Friday, January 1, 2010

Happy New Year! Or, is it?

During the Colonial period, British Americans celebrated January 1 as the first day of the new year. In what can only be assumed to have been an attempt to confuse future scholars, they also celebrated March 25 as the first of the new year.

This holdover from the Julian calendar marked the Feast of the Annunciation, the day on which Mary was told of the impending birth of Jesus. Also called the Incarnation of Jesus and Lady Day, March 25 may have been observed more as the administrative beginning of the new year. In Colonial Maryland all landholders were required to pay their semiannual quit rents to Lord Baltimore on the feast days of the Annunciation and Michaelmas (September 29). Acts of the General Assembly and other legal documents were dated, for example, March 24, 1660/1 on one day and those on the next day would be dated March 25, 1661. The first year indicated the Old Style (sometimes expressed as March 24, 1660 OS) and the second year represented the New Style. Britain, including British America, maintained this system until 1752.

Although Brits at the time probably took all of this in stride, this awkward system can confuse the modern scholar. If a document is dated February 11, 1660, without any other qualifiers, was it written in 1660 or 1661?

The 21st century is not without its calendrical confusions. Archaeologists might refer to 1660 as AD 1660 (Anno Domini, the conventional form), 1660 CE (Common Era, an attempt to minimize Western European-Christian myopia), or a radiocarbon equivalent expressed in years before the present (yBP).

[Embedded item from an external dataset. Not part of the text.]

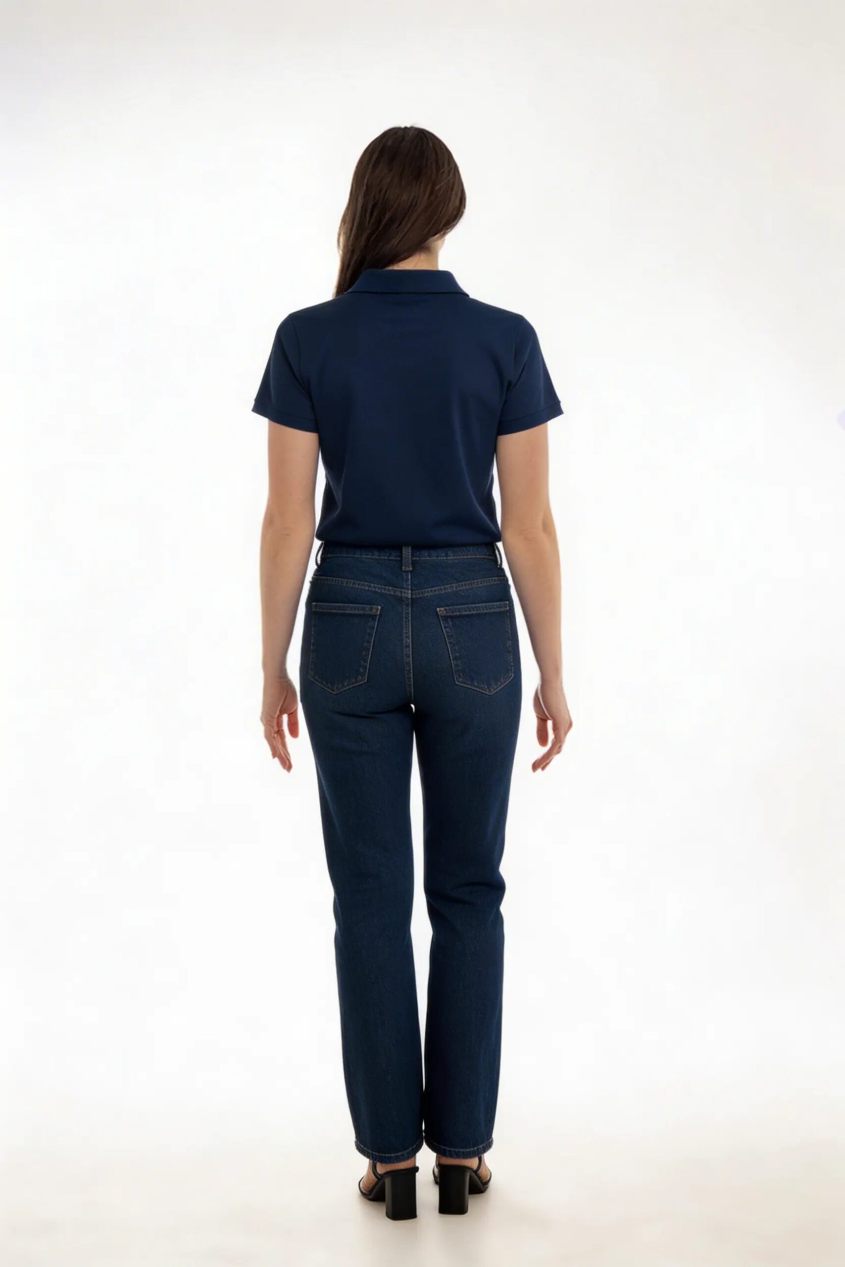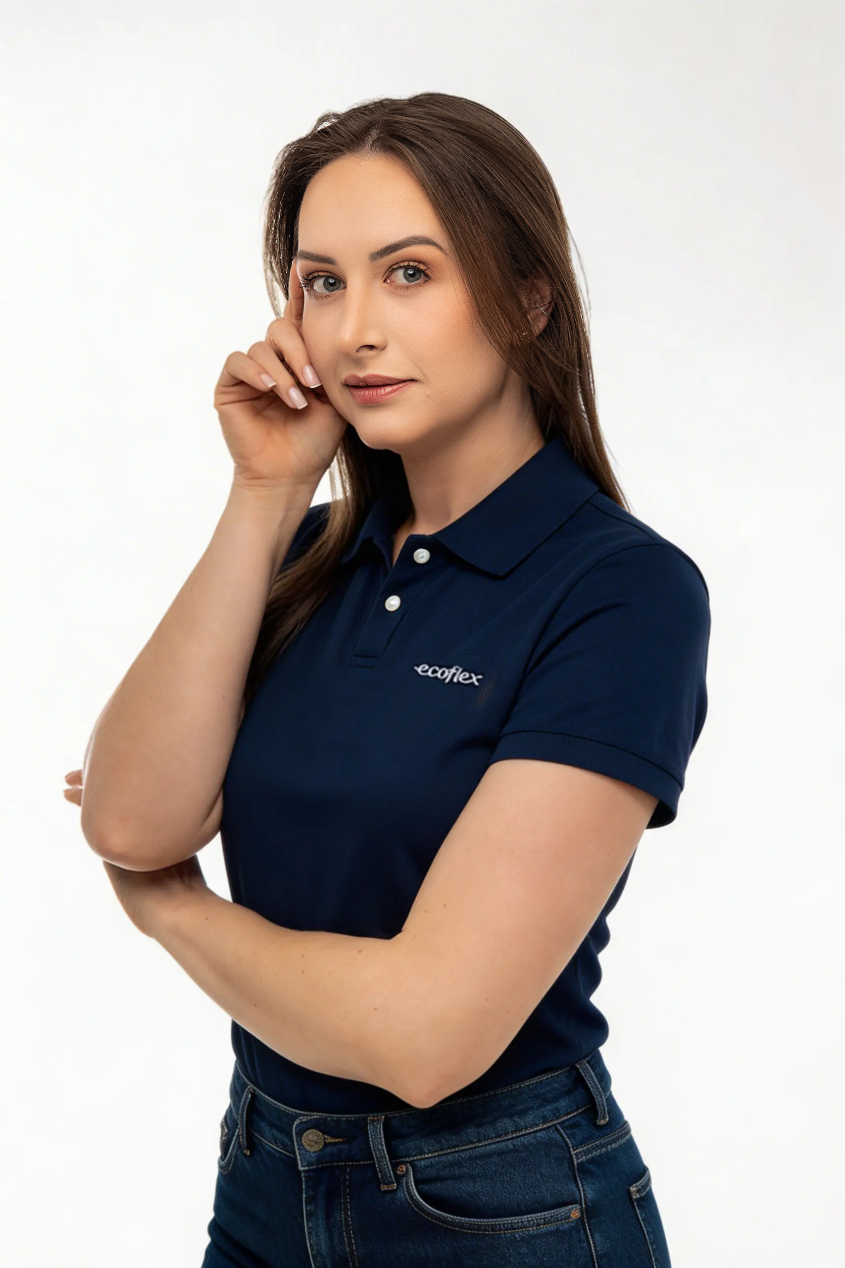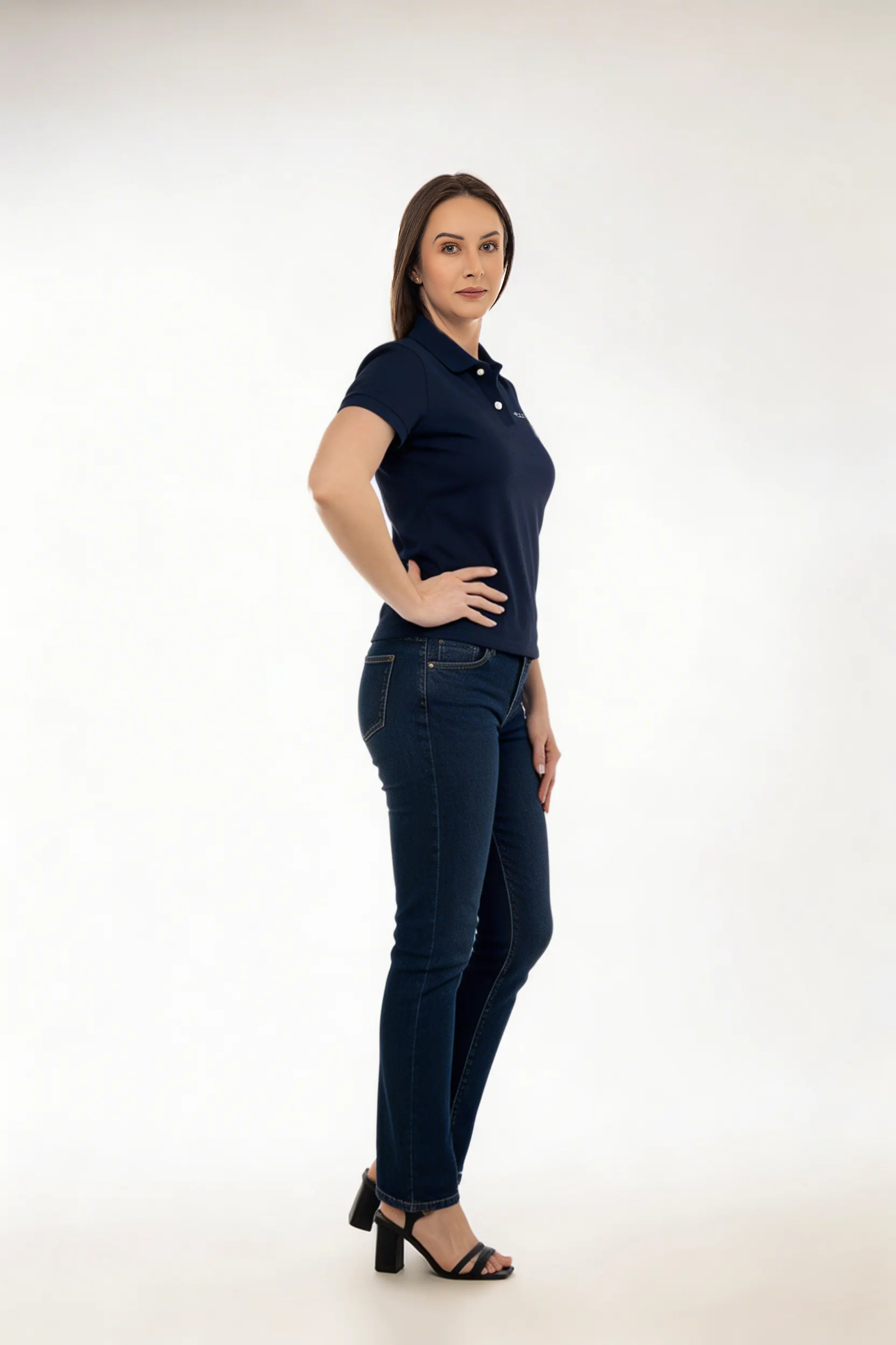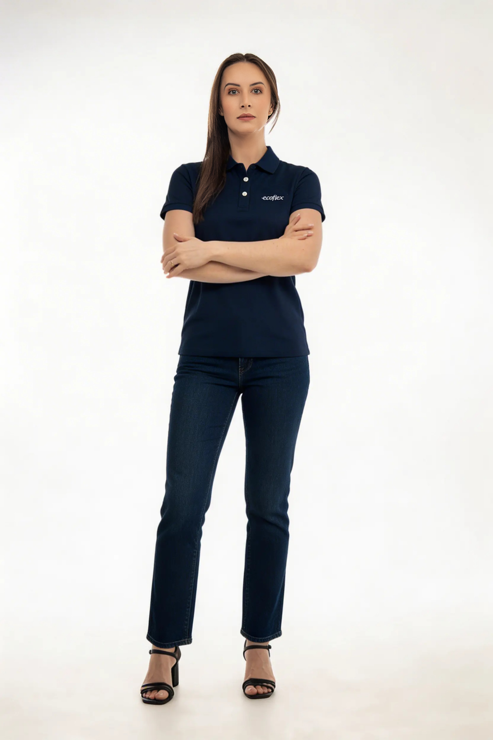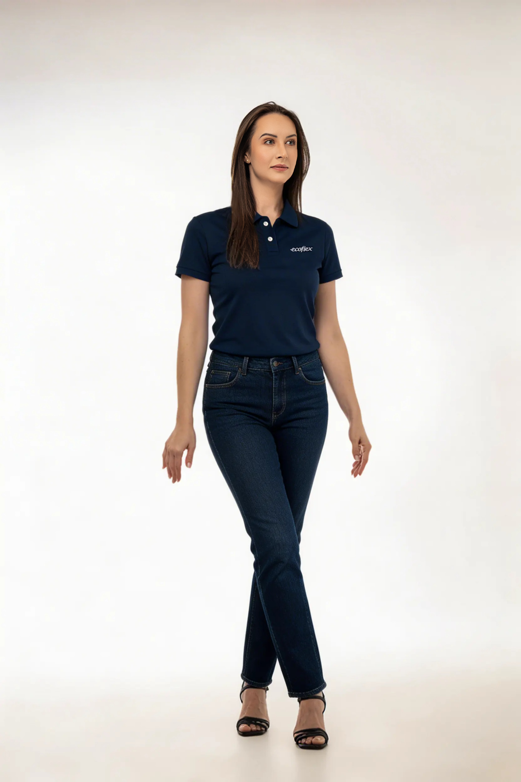 Manga curta, com decote delicado e pences que valorizam a silhueta. Bordado exclusivo Ecoflex na frente esquerda, reforçando a identidade da marca.

Add to that the various systems employed by cultures around the world (the Jewish and Chinese systems are most familiar to Westerners, but there are many more), and it is a wonder we all know what we are talking about when referring to past events. Meanings, however, generally can be inferred from context and calendrical systems are so rich in historical and cultural meaning that it is a great shame when any system is lost.

Perhaps every day is the beginning of a new year for some culture and should be treated as such by all of us.